Quando eu era mesmo muito pequena – é engraçado como as obsessões se podem tornar inspirações ou então é essa inspiração, chamemos-lhe assim, de infância que se pode tornar numa obsessão e
também é engraçado que outras inspirações apareçam de repente
ou sem ser de repente (que me me dás vontade e me fazes escrever, é um facto)
e essa recordação seja agora muito nítida, cada dia mais cristalina: quando eu era mesmo muito pequena, o meu bisavô tinha uma casa de férias na Figueira da Foz.
As recordações de infância são uma espécie de puzzle antigo; lembramo-nos de algumas peças soltas, o resto preenche-se com as recordações dos adultos, mas sabemos sempre quais são umas e quais são outras. Conseguimos contar a história com todas mas, enquanto as outras são vagas e apagadas, as nossas mantêm a mesma côr (embora possamos não o saber até aparecer alguma coisa que as pinta de fresco outra vez).
Quando eu era mesmo muito pequena e o meu bisavô tinha uma casa de férias na Figueira, eu passava lá férias (até lá vivi durante uma altura, mas é das férias que esta peça trata). A casa, que eu nunca mais vi e sei que ainda lá está, mas nunca mais a vi, não é bem não querer voltar a ver, não é exactamente nunca calhou; é nunca mais a vi e talvez seja melhor assim, era (deve ser ainda) enorme, com imensas peças espalhadas: matar formigas na passadeira branca que se colocava sobre a passadeira boa nas escadas, as formigas muito pretas em fila sobre aquela superfície branca e eu a esmigalhá-las com o dedo, uma a uma; caracóis nas couves da horta e uma mata do lado de lá do caminho que subia do portão com uma casinha que eu imaginava sempre ser a casinha da menina (princesa?) curiosa, aquela que não descansa enquanto não destapa a coisa maravilhosa tapada que não podia destapar, embora soubesse que aquela casinha era só uma estufa; as costas do sofá para onde trepei quando a televisão mostrou o homem a chegar à lua e os tios todos a verem, a camarata das primas crescidas onde eu também dormia, o copo à cabeceira da cama com o bichinho de luz que se transformava em moeda de manhã; é só começar a lista e nunca mais acaba, é talvez por isso que nunca mais a vi, a essa casa.

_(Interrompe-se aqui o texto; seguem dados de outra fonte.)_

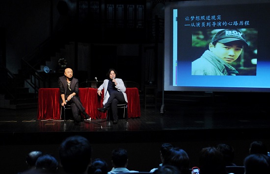 2014年6月19日下午2点左右,“让梦想照进现实——从演员到导演的心路历程”讲座在我校端钧剧场成功举办。在讲座还未开始之前,剧场的两侧过道入口都站满了前来听讲座的学生,现场也是座无虚席,因为“徐峥来了”。他是我校1994级表演系毕业生,曾饰演过《春光灿烂猪八戒》中憨厚可爱的猪八戒,也成功驾驭过《李卫当官》中充满正义感的李卫,成功出演过多部热门电影,而凭借他对艺术的理解和智慧,成功从演员转型为导演,拍摄了《人在�途》和《人再�途之泰�》,成为华语片票房冠军。学校党委副书记胡敏、宣传部部长张生泉、学工部部长徐咏等领导和嘉宾出席了讲座,讲座由教务处处长厉震林主持,表演系教授谷亦安作为主讲老师向听众介绍了徐峥。

A casa tinha uma entrada. Uma daquelas salas que só servem para conversar à saída, nas eternas despedidas de família em que se fica quase tanto tempo como o que se esteve no tempo durante, uma sala com uma porta para o jardim, varanda, alpendre a toda a volta, dois degraus, jardim, socalcos até à rua do lado da frente (roseiras? e eu dei com um martelo pequenino nas costas do jardineiro, que raio de ideia teria sido a minha?) a minha Mãe de óculos escuros sentada nos degraus nas fotografias com as filhas à volta (mais peças) – eramos mesmo pequenas.
Na entrada só havia uma mesa a meio. Uma mesa enorme.
(ou então havia mais coisas, uns vasos, umas cadeiras, não interessam)
E na mesa, mesmo que não fosse sempre, é como se fosse sempre que me lembro: durante as férias, era sempre; na mesa havia sempre um puzzle. Dos enormes, dos de milhares de peças. Ninguém o fazia, exactamente. Ia-se fazendo. As pessoas, os tios, os primos, toda a família que ali estava nas férias, iam passando, iam entrando, iam saindo, iam conversando nas despedidas: e iam acrescentando uma peça aqui, uma peça ali.
Não se trata exactamente de pessoas reunidas em volta de um puzzle. É um puzzle que ali está, com uma existência quase independente e as pessoas vão passando. E (não sei porque raio tenho eu a mania de acrescentar sempre uma moral à história) faz-me mais sentido que uma família seja um todo assim: composto de peças soltas.